_Work task_. Transcribe the listing below exactly, leaving out each image.

━━━━━━━━━━

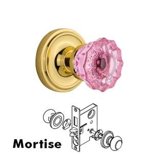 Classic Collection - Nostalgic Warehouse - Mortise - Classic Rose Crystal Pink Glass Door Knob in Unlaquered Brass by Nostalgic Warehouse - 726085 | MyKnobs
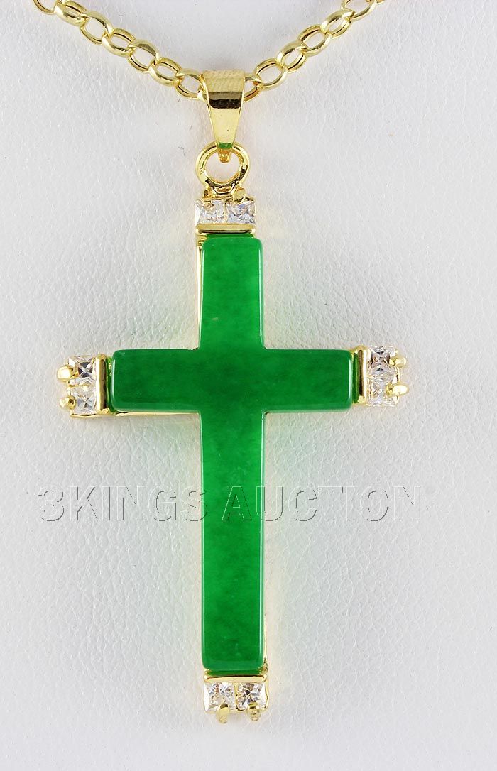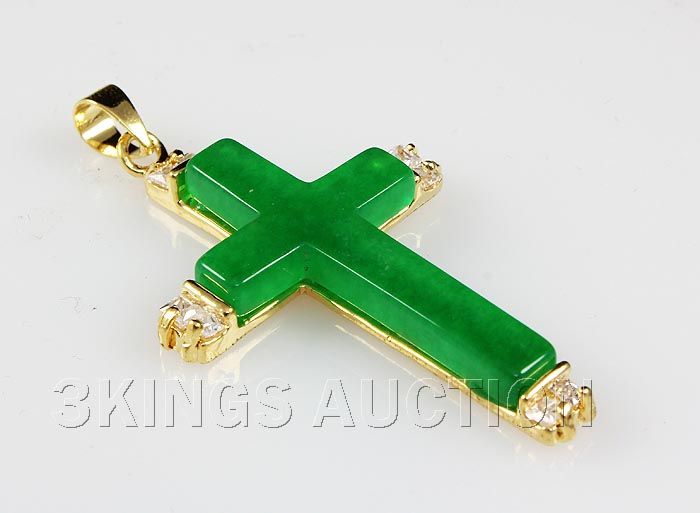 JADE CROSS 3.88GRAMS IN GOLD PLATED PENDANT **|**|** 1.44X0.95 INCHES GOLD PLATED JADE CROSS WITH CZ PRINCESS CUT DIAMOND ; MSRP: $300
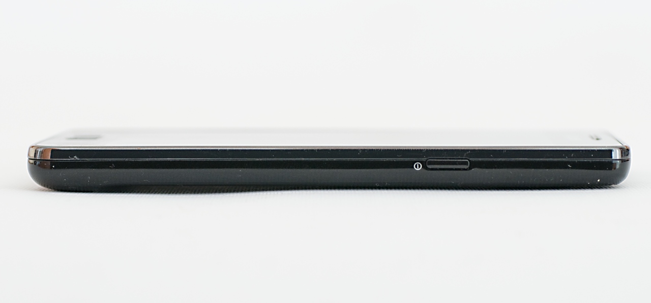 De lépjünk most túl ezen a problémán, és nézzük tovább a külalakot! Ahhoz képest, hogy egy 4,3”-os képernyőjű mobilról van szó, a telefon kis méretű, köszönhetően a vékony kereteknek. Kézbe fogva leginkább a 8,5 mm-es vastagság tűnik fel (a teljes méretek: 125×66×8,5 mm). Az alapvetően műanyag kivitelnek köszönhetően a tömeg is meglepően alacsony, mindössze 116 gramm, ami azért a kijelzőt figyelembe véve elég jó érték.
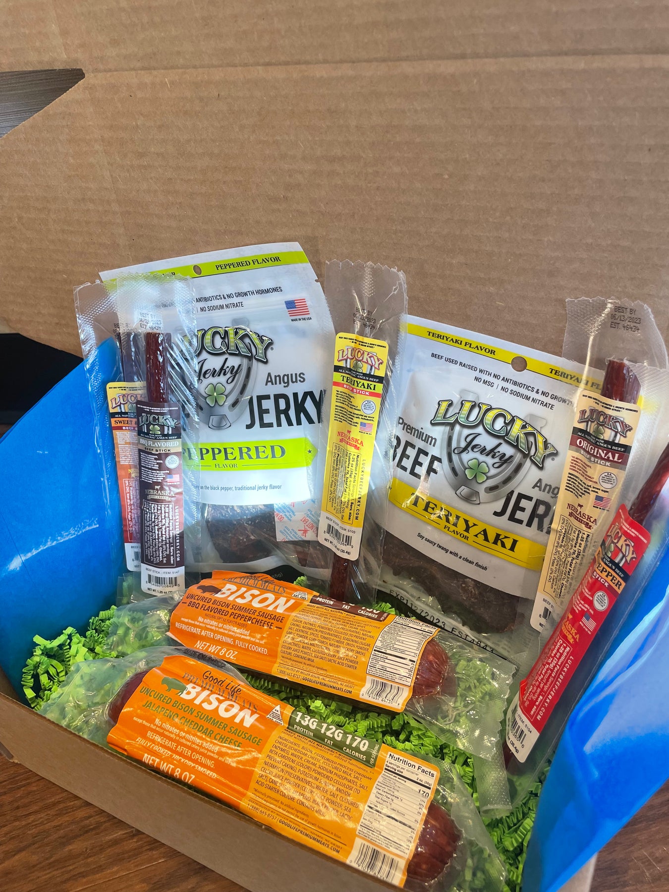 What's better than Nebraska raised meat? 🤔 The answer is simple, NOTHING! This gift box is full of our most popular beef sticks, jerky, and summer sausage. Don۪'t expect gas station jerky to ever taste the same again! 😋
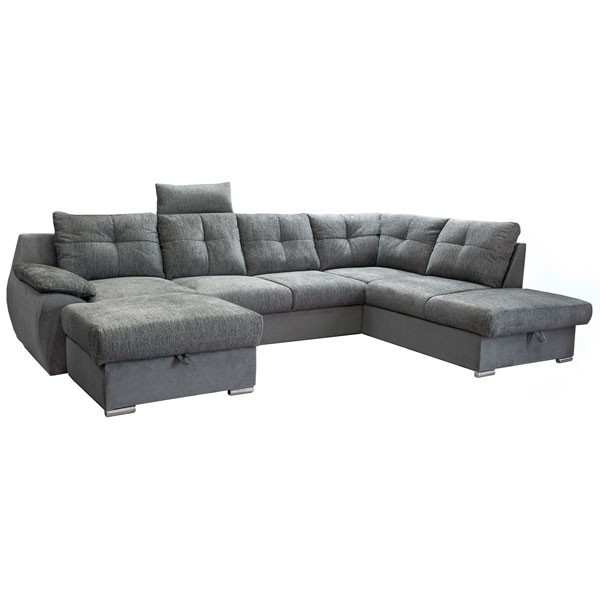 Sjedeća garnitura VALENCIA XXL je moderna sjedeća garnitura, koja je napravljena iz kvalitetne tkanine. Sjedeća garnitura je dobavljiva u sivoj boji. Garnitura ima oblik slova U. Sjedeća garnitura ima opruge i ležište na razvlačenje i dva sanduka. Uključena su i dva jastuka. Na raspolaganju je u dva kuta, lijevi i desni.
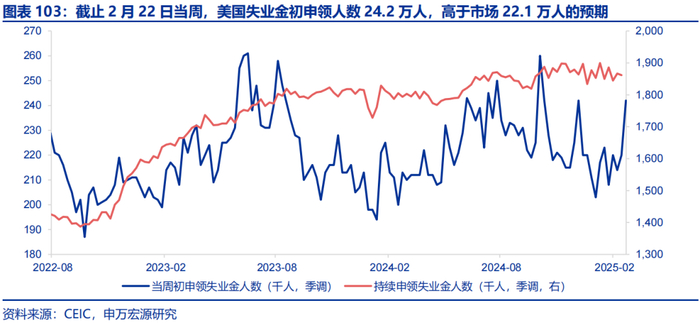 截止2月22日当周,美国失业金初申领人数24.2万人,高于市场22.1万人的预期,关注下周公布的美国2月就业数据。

━━━━━━━━━━

_Exercise response_.
 Classic Collection - Nostalgic Warehouse - Mortise - Classic Rose Crystal Pink Glass Door Knob in Unlaquered Brass by Nostalgic Warehouse - 726085 | MyKnobs
 JADE CROSS 3.88GRAMS IN GOLD PLATED PENDANT **|**|** 1.44X0.95 INCHES GOLD PLATED JADE CROSS WITH CZ PRINCESS CUT DIAMOND ; MSRP: $300
 De lépjünk most túl ezen a problémán, és nézzük tovább a külalakot! Ahhoz képest, hogy egy 4,3”-os képernyőjű mobilról van szó, a telefon kis méretű, köszönhetően a vékony kereteknek. Kézbe fogva leginkább a 8,5 mm-es vastagság tűnik fel (a teljes méretek: 125×66×8,5 mm). Az alapvetően műanyag kivitelnek köszönhetően a tömeg is meglepően alacsony, mindössze 116 gramm, ami azért a kijelzőt figyelembe véve elég jó érték.
 What's better than Nebraska raised meat? 🤔 The answer is simple, NOTHING! This gift box is full of our most popular beef sticks, jerky, and summer sausage. Don۪'t expect gas station jerky to ever taste the same again! 😋
 Sjedeća garnitura VALENCIA XXL je moderna sjedeća garnitura, koja je napravljena iz kvalitetne tkanine. Sjedeća garnitura je dobavljiva u sivoj boji. Garnitura ima oblik slova U. Sjedeća garnitura ima opruge i ležište na razvlačenje i dva sanduka. Uključena su i dva jastuka. Na raspolaganju je u dva kuta, lijevi i desni.
 截止2月22日当周,美国失业金初申领人数24.2万人,高于市场22.1万人的预期,关注下周公布的美国2月就业数据。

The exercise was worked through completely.